Acceptable Duplicate Row Count


Acceptable Duplicate Row Count

Hi all,

I have a database with many tables (around 60-70) where around half the number of tables, or slightly more, have a small amount of duplicate rows. (Between 0-3% duplicate rows on average in a table). I know the best case is to have 0% of duplicate rows, however I was wondering, if there is some rule of thumb or industry standard regarding an acceptable amount of duplicate rows in a table.

Would 2% duplicate rows be considered a big problem or would this be somewhat acceptable in most cases in the industry.

Thanks all.
Junior Contributor

Re: Acceptable Duplicate Row Count

I would consider any duplicate row (outside of the staging area) to be non-acceptable.

Not only because it contradicts the Relational Model (no PK), but also because it might screw your queries/results.
How to join to a table without uniqueness?

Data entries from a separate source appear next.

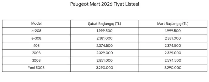 Fransız otomobil üreticisi Peugeot, Mart 2026 dönemi için yeni fiyat listesini duyurdu.
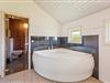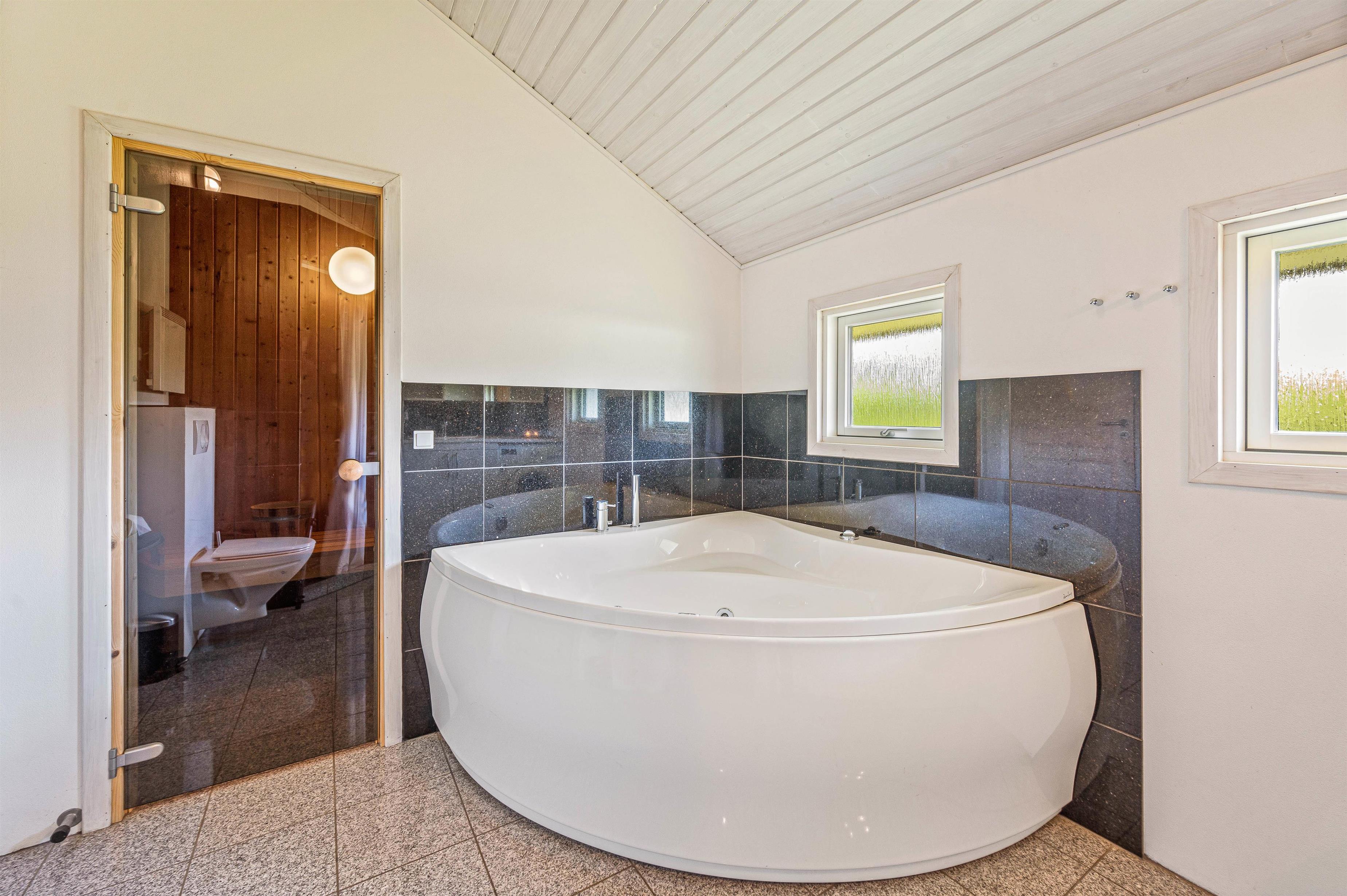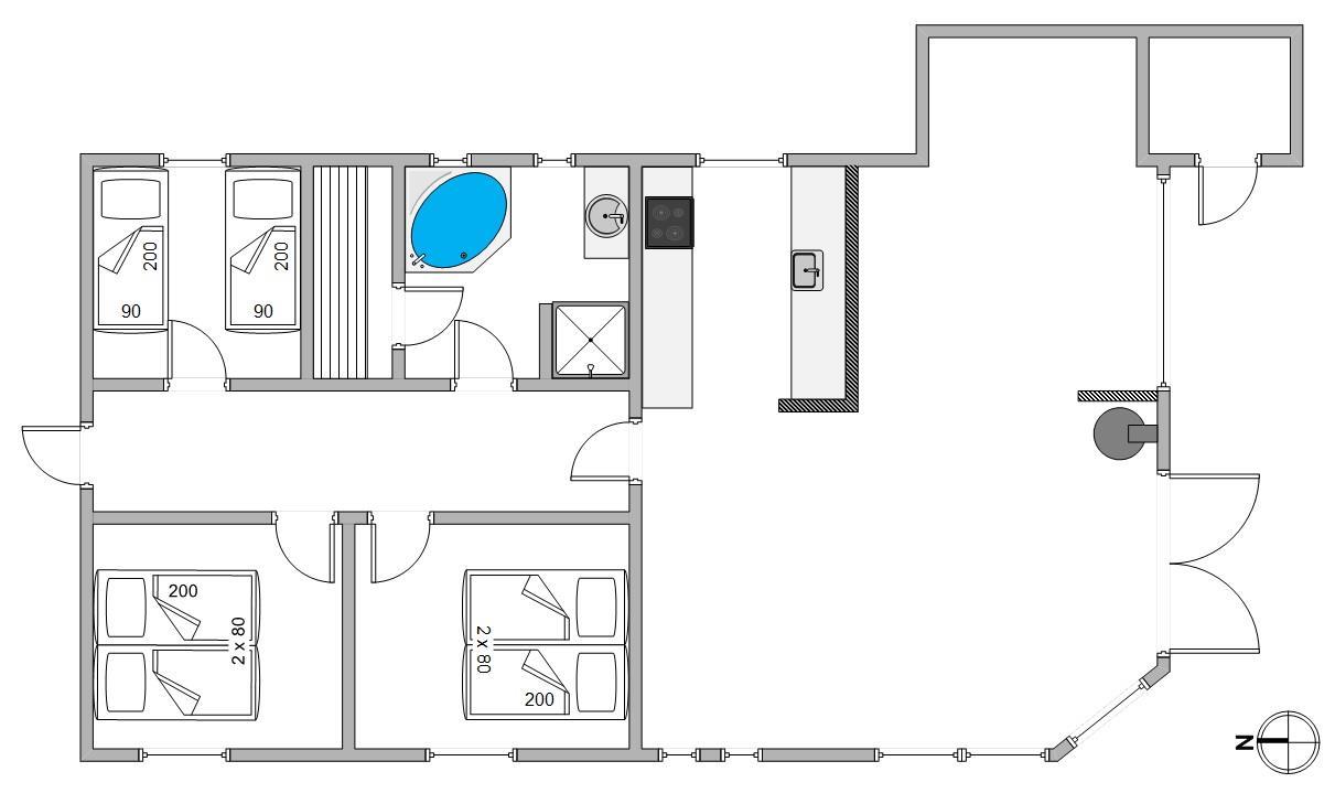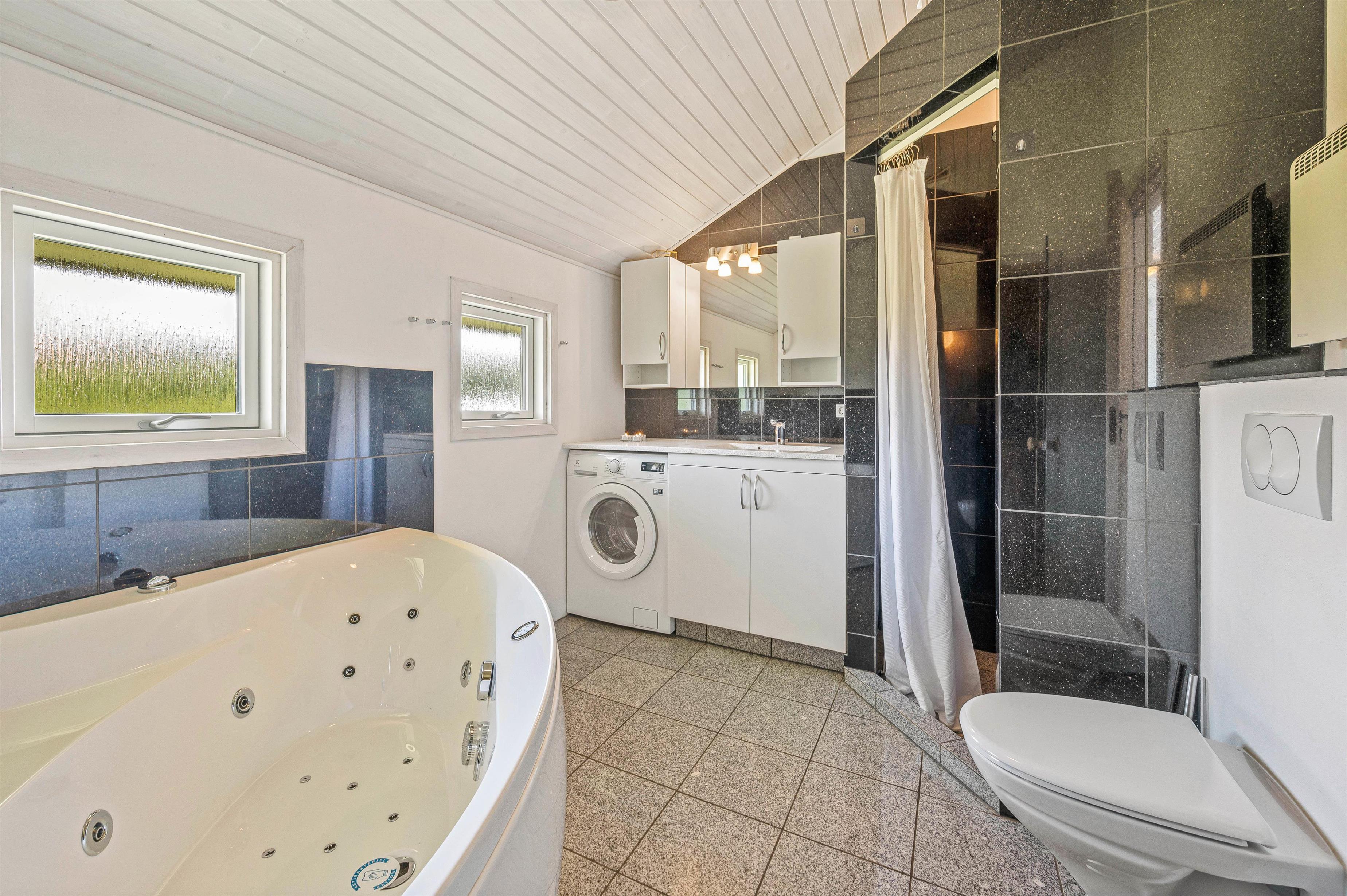 Der er 3 soveværelser, hvoraf de 2 værelser har dobbeltseng og det sidste 2 enkeltsenge. I badeværelset er der gulvvarme, bruseniche, hjørnespa og indgang til sauna. Derudover er der vaskemaskine i sommerhuset, så I kan vaske lidt tøj, hvis det skulle blive en nødvendighed.
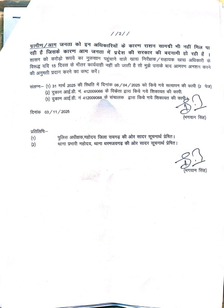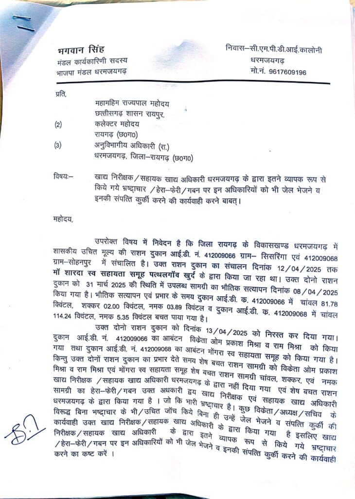 धरमजयगढ़ विकासखण्ड के अंतर्गत संचालित शासकीय उचित मूल्य की दुकानों में भारी अनियमितता और गबन का मामला सामने आया है। मंडल भाजपा कार्यसमिति सदस्य भगवान सिंह ने चेतावनी दी है कि यदि 15 दिनों के भीतर राशन वितरण में हुई धांधली की निष्पक्ष जांच नहीं की गई तो वे आमरण अनशन पर बैठेंगे।
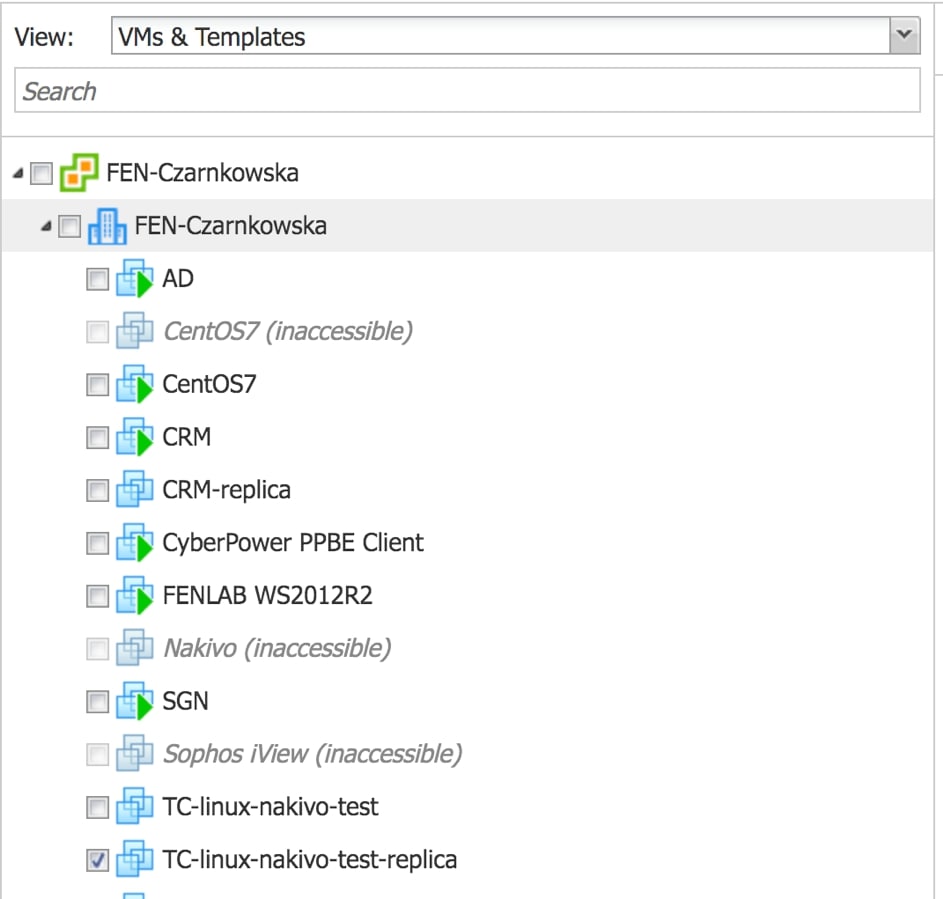 Rys. 4 Widok wyboru maszyn do zadania backupu lub replikacji: VMs&Templates
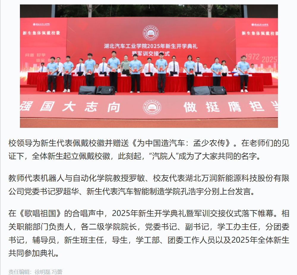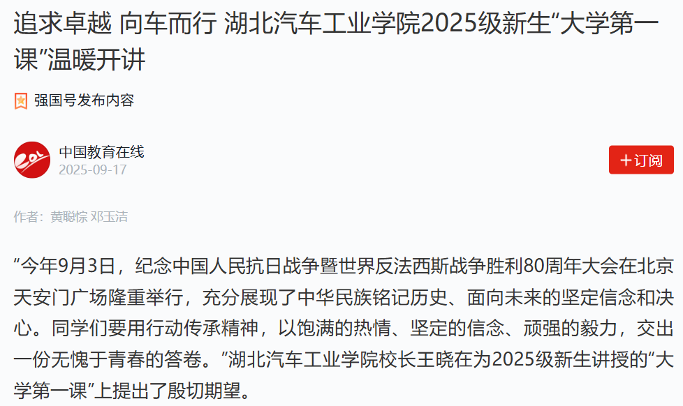 【中国教育在线】追求卓越 向车而行 必威betway中文官网2025级新生“大学第一课”温暖开讲
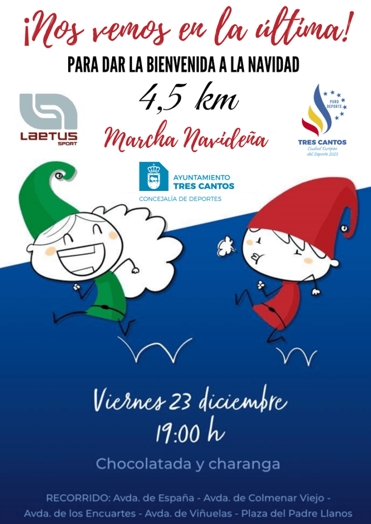 Tres Cantos despedirá el año con una Marcha Familiar de 4,5 km denominada ¡Nos vemos en la última! Será el viernes 23 de diciembre. Una cita para las familias de la ciudad, con salida en la Avda. de España, a partir de las 19:00 horas, cuyo recorrido pasará por Avda. de España – Avda. de Colmenar Viejo – Avda. de los Encuartes – Avda. de Viñuelas, para terminar en la Plaza del Padre Llanos.
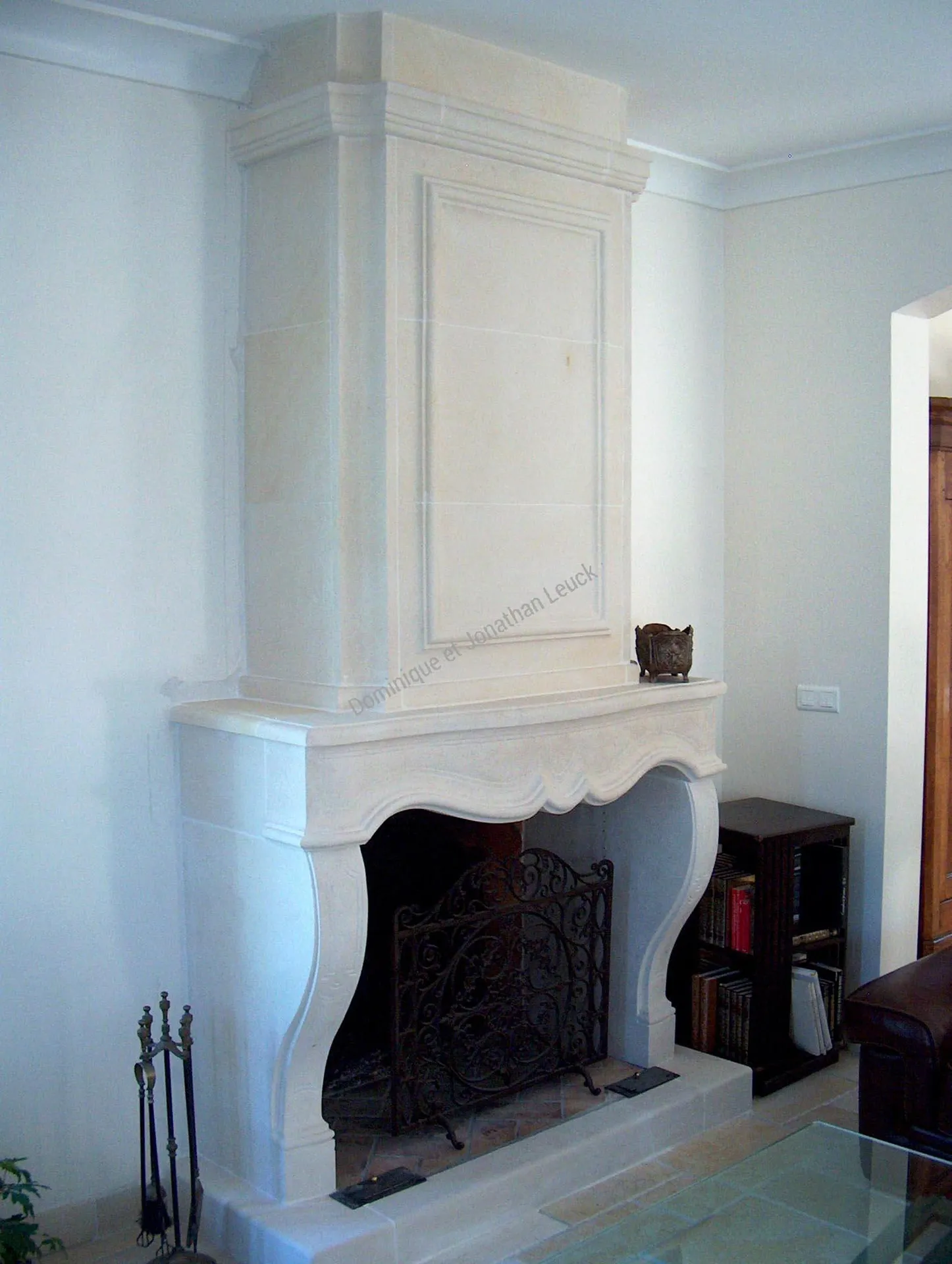 Cheminée Régence avec hotte trumeau en massif en pierre d'Estaillades, sculpté mains.
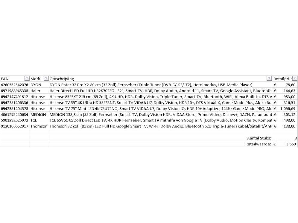 Dit betreft een partij televisies retourgoederen van een grote online retailer. De partij bestaat uit diverse diverse maten televisies. Aantal stuks: 8. Retailwaarde: €3559,- De televisies zijn niet werkend en zijn te gebruiken voor onderdelen. Kom op de kijkdag om te om zo een goed beeld te krijgen van de reden van retour. Zie foto's voor lijst met inhoud. Bezorgtermijn 14 dagen Merk: Pallet Retourgoederen - Televisies
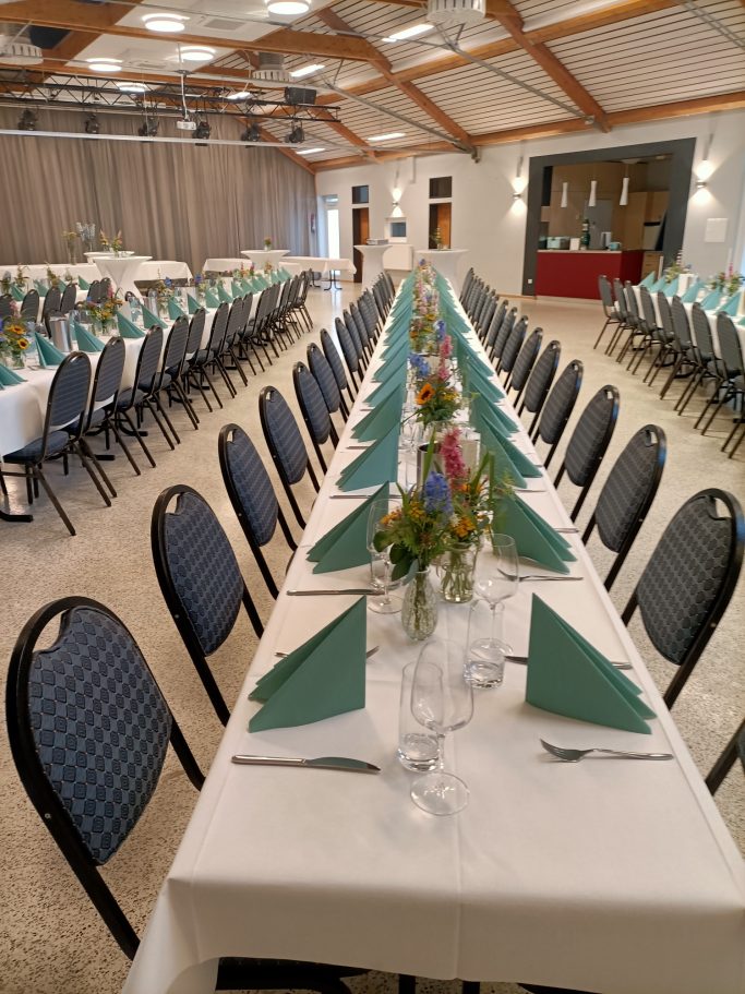 Tische und Stühle können flexibel in verschiedenen Formationen angeordnet werden – ideal für Seminare, Feiern, Versammlungen oder kulturelle Events.

This must be handled during load.

If 2% duplicate rows are in the payroll application i'd like to be one of those duplicates :-)

Teradata Employee

Re: Acceptable Duplicate Row Count

Agree with Dieter, however in some cases (I have seen them in Telco industry) dups are functionally required, the number of acceptable dups in such case depends to the number of hash collision you may have with your PI, If the number of hash collision on your PI is less than 100,
then I would accept a maximum of 100 dups in the multiset table.